Instructions for the task =>
Look in the data below for the line that has "With its calming", then print exactly every line from there through the line that has "Deze zuigende vibrator", leaving pictures out.

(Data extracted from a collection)
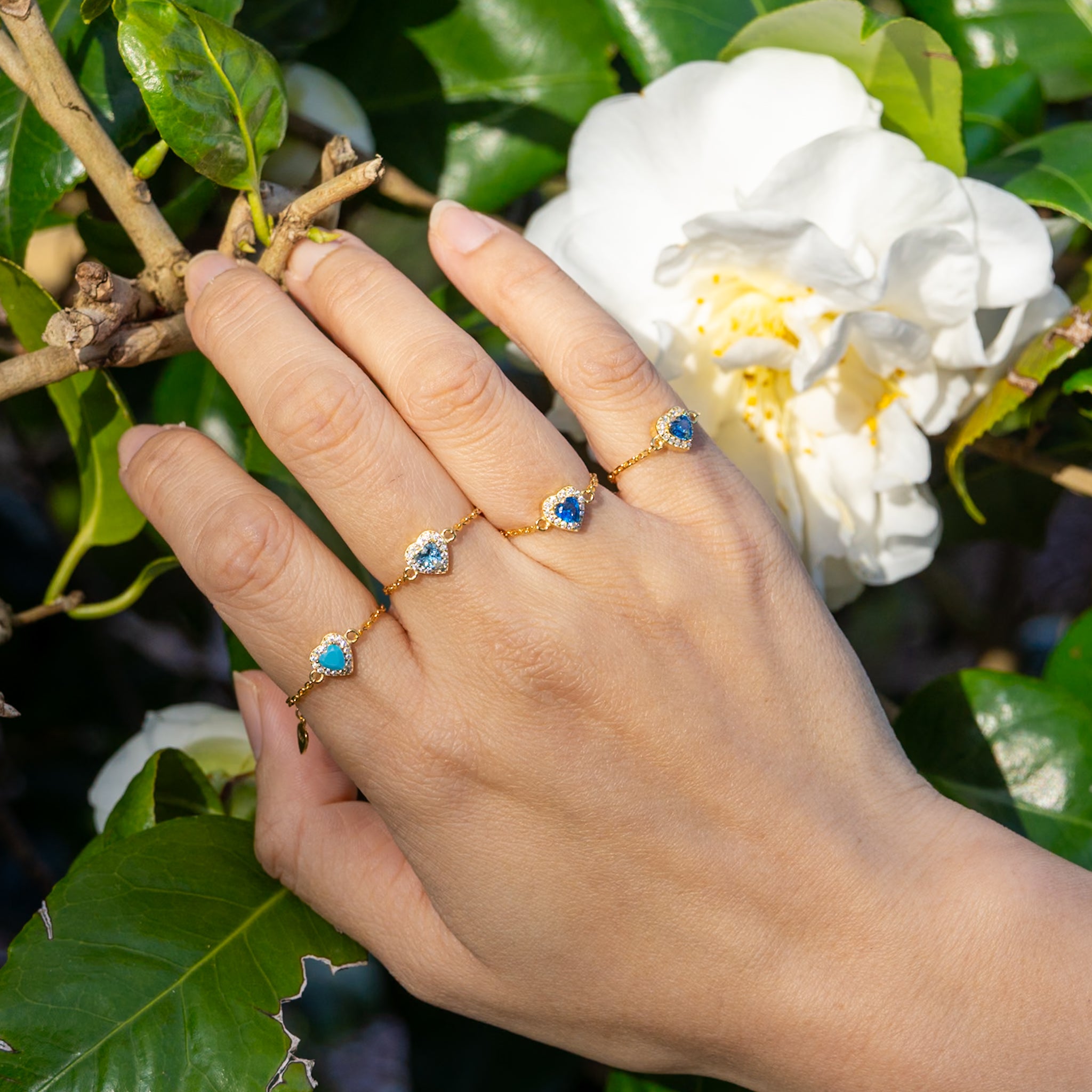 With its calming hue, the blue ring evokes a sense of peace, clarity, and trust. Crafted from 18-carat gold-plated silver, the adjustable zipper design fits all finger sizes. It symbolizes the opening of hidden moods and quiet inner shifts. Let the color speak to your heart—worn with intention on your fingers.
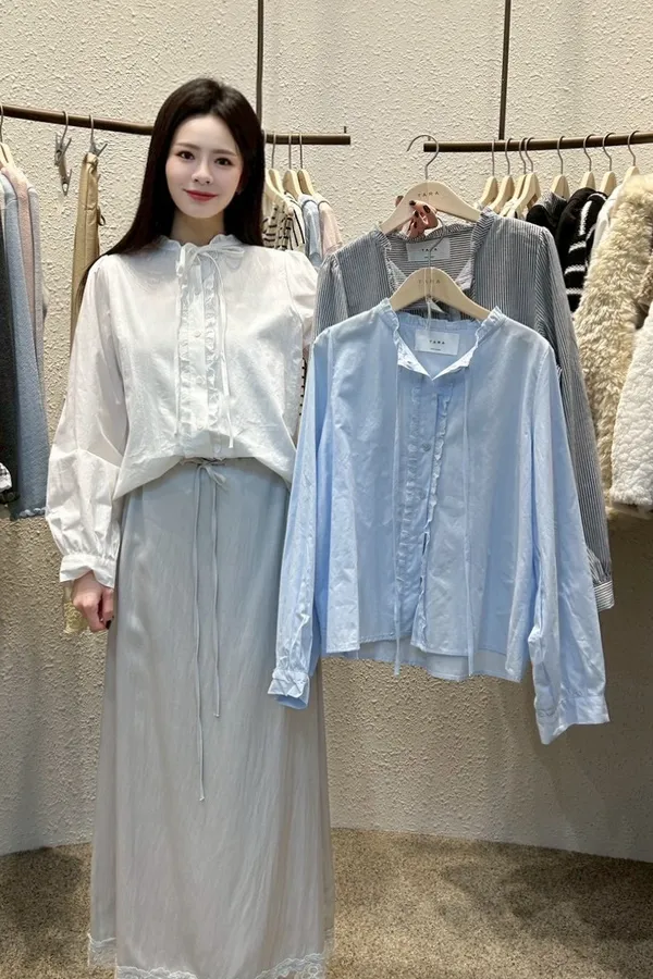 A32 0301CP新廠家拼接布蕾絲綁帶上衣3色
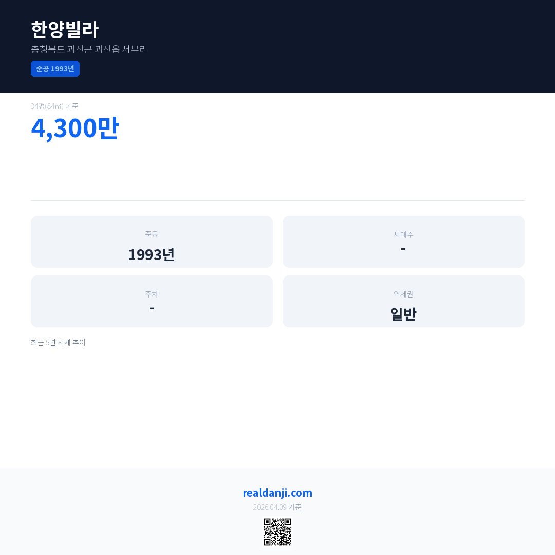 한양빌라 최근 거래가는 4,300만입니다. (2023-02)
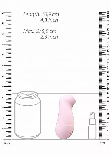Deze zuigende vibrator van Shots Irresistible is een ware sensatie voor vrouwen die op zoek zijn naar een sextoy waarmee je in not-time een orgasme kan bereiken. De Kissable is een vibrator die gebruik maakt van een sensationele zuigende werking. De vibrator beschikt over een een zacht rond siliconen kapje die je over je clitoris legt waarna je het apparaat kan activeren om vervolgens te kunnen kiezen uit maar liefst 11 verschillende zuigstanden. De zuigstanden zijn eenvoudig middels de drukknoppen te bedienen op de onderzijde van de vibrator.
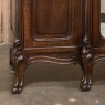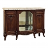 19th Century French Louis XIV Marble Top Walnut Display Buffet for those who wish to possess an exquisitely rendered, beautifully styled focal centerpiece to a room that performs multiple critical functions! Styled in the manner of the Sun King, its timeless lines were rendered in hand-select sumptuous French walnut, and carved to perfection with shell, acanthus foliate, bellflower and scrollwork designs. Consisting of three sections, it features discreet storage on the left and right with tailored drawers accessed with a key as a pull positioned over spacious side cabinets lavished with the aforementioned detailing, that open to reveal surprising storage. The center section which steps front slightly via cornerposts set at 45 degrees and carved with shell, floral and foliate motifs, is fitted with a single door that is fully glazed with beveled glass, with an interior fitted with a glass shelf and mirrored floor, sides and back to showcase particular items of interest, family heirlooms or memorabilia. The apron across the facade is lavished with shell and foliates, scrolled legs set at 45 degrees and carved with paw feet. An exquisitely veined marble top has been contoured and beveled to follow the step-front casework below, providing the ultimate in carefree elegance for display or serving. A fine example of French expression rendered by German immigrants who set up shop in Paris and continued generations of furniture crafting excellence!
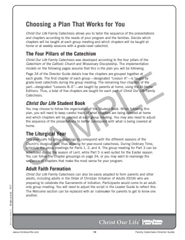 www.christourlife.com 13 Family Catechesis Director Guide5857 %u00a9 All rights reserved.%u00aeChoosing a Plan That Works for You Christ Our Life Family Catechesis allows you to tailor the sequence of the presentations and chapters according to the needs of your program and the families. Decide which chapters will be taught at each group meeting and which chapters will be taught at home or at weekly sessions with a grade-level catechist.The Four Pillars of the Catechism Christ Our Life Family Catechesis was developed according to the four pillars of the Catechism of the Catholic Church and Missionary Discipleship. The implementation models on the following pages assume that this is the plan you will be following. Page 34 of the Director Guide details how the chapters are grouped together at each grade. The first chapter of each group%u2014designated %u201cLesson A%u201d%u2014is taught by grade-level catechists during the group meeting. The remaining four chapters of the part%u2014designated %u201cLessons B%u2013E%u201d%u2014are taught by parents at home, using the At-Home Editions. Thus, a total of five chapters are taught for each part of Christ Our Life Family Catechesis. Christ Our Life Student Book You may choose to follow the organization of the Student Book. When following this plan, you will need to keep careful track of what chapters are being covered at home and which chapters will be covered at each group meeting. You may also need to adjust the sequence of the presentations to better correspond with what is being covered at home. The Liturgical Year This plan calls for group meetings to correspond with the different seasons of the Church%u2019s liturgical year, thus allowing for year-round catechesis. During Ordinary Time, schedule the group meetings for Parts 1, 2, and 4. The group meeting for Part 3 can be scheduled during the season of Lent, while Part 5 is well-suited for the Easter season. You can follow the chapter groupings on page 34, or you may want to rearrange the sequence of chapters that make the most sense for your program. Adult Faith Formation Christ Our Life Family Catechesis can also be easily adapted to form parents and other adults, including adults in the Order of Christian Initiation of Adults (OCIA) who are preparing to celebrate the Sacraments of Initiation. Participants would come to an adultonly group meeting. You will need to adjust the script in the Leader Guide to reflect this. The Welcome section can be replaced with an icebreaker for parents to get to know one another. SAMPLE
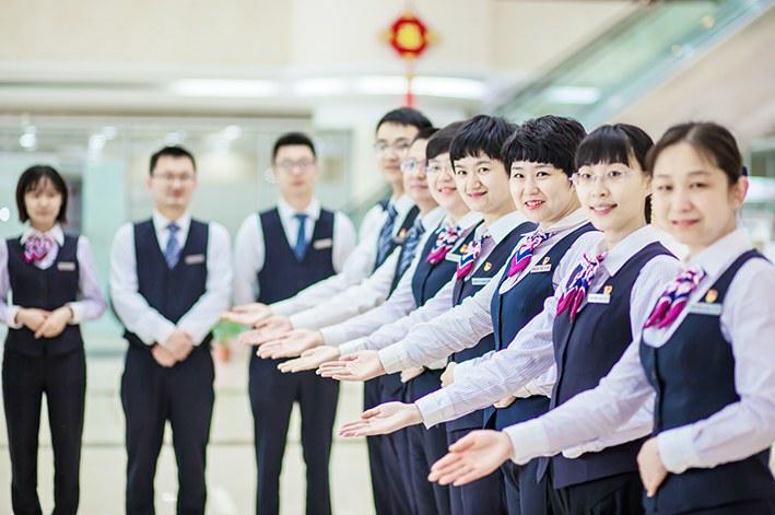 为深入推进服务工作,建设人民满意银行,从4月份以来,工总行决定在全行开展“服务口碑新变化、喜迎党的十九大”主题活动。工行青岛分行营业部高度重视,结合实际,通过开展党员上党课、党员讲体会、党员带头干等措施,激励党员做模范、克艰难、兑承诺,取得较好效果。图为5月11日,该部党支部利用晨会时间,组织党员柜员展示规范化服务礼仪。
--
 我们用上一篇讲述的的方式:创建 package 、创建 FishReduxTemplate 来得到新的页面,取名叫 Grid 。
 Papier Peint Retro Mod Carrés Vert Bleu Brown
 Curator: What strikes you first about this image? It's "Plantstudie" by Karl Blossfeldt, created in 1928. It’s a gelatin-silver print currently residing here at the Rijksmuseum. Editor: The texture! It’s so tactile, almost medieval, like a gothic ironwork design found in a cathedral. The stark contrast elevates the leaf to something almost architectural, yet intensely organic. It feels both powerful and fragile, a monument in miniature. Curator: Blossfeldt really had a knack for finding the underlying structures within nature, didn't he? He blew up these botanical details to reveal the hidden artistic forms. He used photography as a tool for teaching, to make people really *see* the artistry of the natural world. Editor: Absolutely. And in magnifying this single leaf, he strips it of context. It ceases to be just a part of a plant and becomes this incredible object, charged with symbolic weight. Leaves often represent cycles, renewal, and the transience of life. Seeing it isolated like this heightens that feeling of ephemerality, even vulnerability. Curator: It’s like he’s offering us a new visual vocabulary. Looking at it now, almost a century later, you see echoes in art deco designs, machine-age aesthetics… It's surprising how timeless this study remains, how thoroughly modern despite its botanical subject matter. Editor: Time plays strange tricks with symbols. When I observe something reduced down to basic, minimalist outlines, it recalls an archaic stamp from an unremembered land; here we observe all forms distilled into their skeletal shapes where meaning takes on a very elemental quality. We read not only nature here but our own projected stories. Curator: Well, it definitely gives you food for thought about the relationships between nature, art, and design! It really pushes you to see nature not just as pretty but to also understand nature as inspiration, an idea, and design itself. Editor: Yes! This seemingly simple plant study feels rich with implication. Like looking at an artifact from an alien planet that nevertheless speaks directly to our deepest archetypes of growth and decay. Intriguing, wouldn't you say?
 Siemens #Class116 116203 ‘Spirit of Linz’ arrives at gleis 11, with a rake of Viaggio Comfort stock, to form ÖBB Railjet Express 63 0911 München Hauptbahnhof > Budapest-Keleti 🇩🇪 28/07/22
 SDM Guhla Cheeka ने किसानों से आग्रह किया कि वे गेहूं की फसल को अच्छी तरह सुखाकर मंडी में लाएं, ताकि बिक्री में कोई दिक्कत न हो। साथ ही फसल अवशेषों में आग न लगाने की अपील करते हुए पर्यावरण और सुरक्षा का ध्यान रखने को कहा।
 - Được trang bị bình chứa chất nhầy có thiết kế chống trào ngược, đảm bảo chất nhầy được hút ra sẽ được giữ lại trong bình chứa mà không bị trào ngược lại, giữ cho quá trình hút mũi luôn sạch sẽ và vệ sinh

Exercise result =>
 With its calming hue, the blue ring evokes a sense of peace, clarity, and trust. Crafted from 18-carat gold-plated silver, the adjustable zipper design fits all finger sizes. It symbolizes the opening of hidden moods and quiet inner shifts. Let the color speak to your heart—worn with intention on your fingers.
 A32 0301CP新廠家拼接布蕾絲綁帶上衣3色
 한양빌라 최근 거래가는 4,300만입니다. (2023-02)
Deze zuigende vibrator van Shots Irresistible is een ware sensatie voor vrouwen die op zoek zijn naar een sextoy waarmee je in not-time een orgasme kan bereiken. De Kissable is een vibrator die gebruik maakt van een sensationele zuigende werking. De vibrator beschikt over een een zacht rond siliconen kapje die je over je clitoris legt waarna je het apparaat kan activeren om vervolgens te kunnen kiezen uit maar liefst 11 verschillende zuigstanden. De zuigstanden zijn eenvoudig middels de drukknoppen te bedienen op de onderzijde van de vibrator.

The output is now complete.